D’autres difficultés exogènes sont étroitement liées aux activités clandestines des creuseurs dont les revers (accidents sur le site, décès, etc.) voire des accidents de la circulation commis par des tiers sont imputés aux entreprises minières.

A côté de celles-ci, des problèmes internes à la communauté pour lesquels on sollicite l’intervention des entreprises minières en dehors des obligations de celles-ci.

En dépit de toutes les actions menées pour le développement de la communauté, la balance semble lourde du côté des autorités qui veulent, tant bien que mal, que leurs préoccupations personnelles passent avant tout.

Ce que veulent les autorités locales, c’est « qu’en tant que chef, Lamikal le porte en cas de problème de santé », s’est exprimé le chef de localité Pumpi, Félicien Mutebwa.

Ce besoin tourné vers soi met à mal la bonne gouvernance et est l’une des difficultés auxquelles font face quelques sociétés qui assistent impuissantes au détournement de certains biens dotés à la communauté.

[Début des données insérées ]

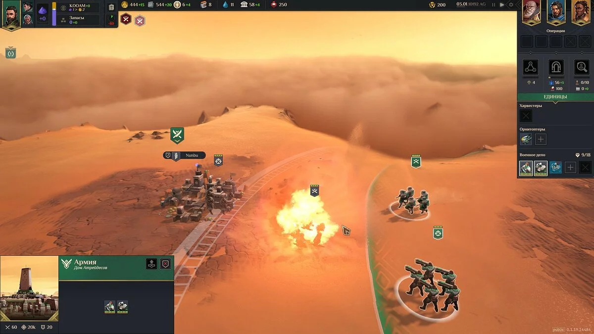 Для победы нужно собрать армию, возвести множество полезных построек, выстроить экономику, научиться обеспечивать Дом и, конечно же, добыть много Пряностей. Увы, начинает фракция на скромном клочке земли, и всё самое ценное лежит за его пределами.

À titre illustratif, A Tenke, un autre village de la chefferie Bayeke, l’ambulance mise à la disposition du centre de santé de référence St François Xavier par Tenke Fungurume Mining (TFM) après la construction de ce centre hospitalier, sert au délégué administratif, s’est plaint le responsable de ce centre, père Jean-Marie Diango de la paroisse François-Xavier.

Par ailleurs, la gestion des 15 % de la redevance minière continue à poser problèmes dans certaines communautés. Celles-ci doivent reverser au moins 25 % de ce qu’elles perçoivent à différentes entités provinciales. Sans base légale, cette improvisation met à mal l’exécution de certains projets, s’est plaint le chef du bureau de la commune de la Ruashi (Haut-Katanga), M. Kabwita Kilefu.

De même que la gestion des 0,3 % du capital annuel de l’entreprise qui doit revenir à un organisme local tel que le dispose le code minier révisé en 2018, bloqués au ministère des affaires sociales qui veut les gérer. Les communautés locales concernées tiennent à bénéficier totalement de ce qui leur revient de droit. C’est la mise en compétition de ces quatre opportunités (redevance minière, cahier des charges, 0,3 % et engagements volontaires) coulées dans le code minier qui fera l’effectivité du développement communautaire.

Les miniers rassemblées dans l’Union de sociétés minières à capitaux chinois (USMCC) ne dérogent pas à leurs obligations : bâtir des communautés fortes pour un Congo uni.

L’USMCC en complicité avec l’ambassade de Chine veille à la légalité des sociétés à capitaux chinois qui ont investi en République démocratique du Congo.